Blue Ridge Crossing is a shopping center located near Interstate 70 (I-70) and Blue Ridge Boulevard in Kansas City, Missouri with additional parcels along U.S. I-40 in neighboring Independence, Missouri. It occupies the site of the former Blue Ridge Mall.

==History==
The mall opened in October 17, 1958, as an open-air regional shopping center and was the vision of William Reich. It included a location of Harzfeld's. H. Roe Bartle, the Mayor of Kansas City, cut the ribbon that officially opened the shopping center.

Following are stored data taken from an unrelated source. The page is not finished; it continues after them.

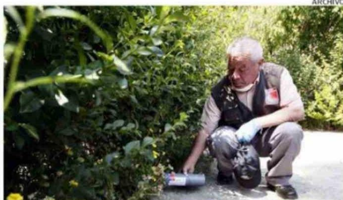
AUTORIDADES DE SALUD ACONSEJAN EVITAR AL RATÓN DE COLA LARGA.

"SE AGRADECE PROYECTO FINANCIADO POR EL GOBIERNO REGIONAL DE LOS LAGOS, FONDO COMUNIDAD 2025, AÑO 2025", "Apoyando La Seguridad Y Protección Civil Con Nuevas Técnicas De Rescate En Zonas De Montaña (Kalffuko - Hueñauca)., Monto $ 5.350.117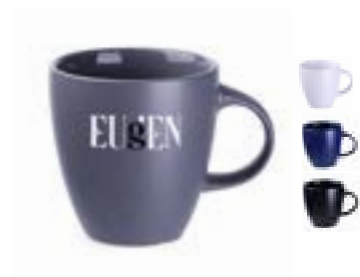
Fiord 300 ml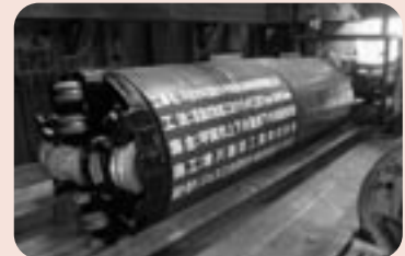
Ⓐ 地表を掘削せず管渠を推す推進工法の先端の推進機

また、設計に際しても事前に現地調査や測量などご家庭の敷地内に立ち入らせていただくことがありますので、併せてご協力をお願いします。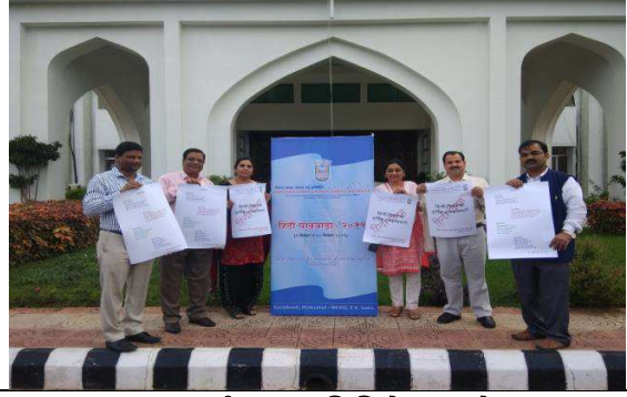
राजभाषा कार्यान्वयन समिति के सदस्यों द्वारा राजभाषा हिन्दी का प्रचार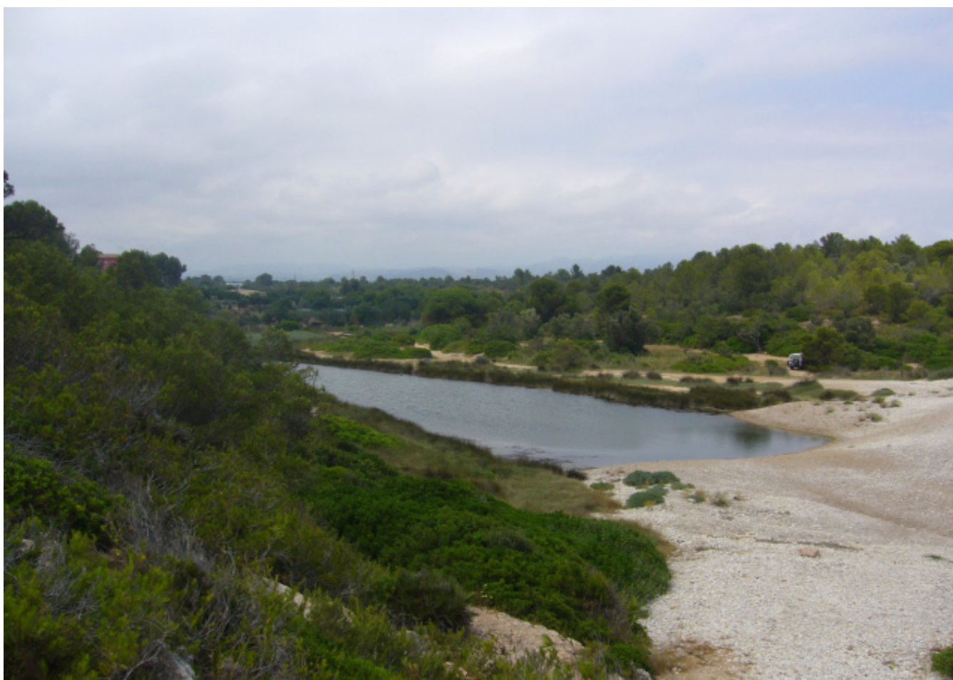
Figura 5.16. Llacuna de Santes Creus, a la desembocadura del barranc del mateix nom, al municipi de l'Ametlla de Mar.

A la plana sud, destaca el cultiu de cítrics (Alcanar) i el de olivera (Sant Carles de la Ràpita). Els vessants abancalats cap al mar han de competir, en un espai estret, amb urbanitzacions i complexos turístics, i també amb els complexos comercials desplecats a banda i banda de l'eix viari que conforma la carretera nacional N-340. El resultat ha estat la progressiva desaparició d'un paisatge litoral natural que combinava el bosc i la màquia amb els aiguamolls i les platges.

Grand opening events lasted over a year, drawing celebrities of the day including Eva Gabor and Sandra Dee. Upon opening, the mall offered concierge services and childcare in the lower level. These amenities were largely unheard of at the time.

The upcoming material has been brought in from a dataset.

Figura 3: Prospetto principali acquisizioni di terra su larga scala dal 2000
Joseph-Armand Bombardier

Blue Ridge Mall had the added distinction of being located in two cities at the same time. The city limits of Kansas City, Missouri and Independence, Missouri bisected The Jones Store Co. on the northeast corner of the store.

During the 1960s, Blue Ridge Mall was the most popular shopping center in the Kansas City Metropolitan area and in 1971, the JCPenney store expanded moving from the south court of the mall to become an anchor store on the west end. With that move, the shopping center was fully enclosed and the hey-day of the Blue Ridge Mall would continue for two more decades.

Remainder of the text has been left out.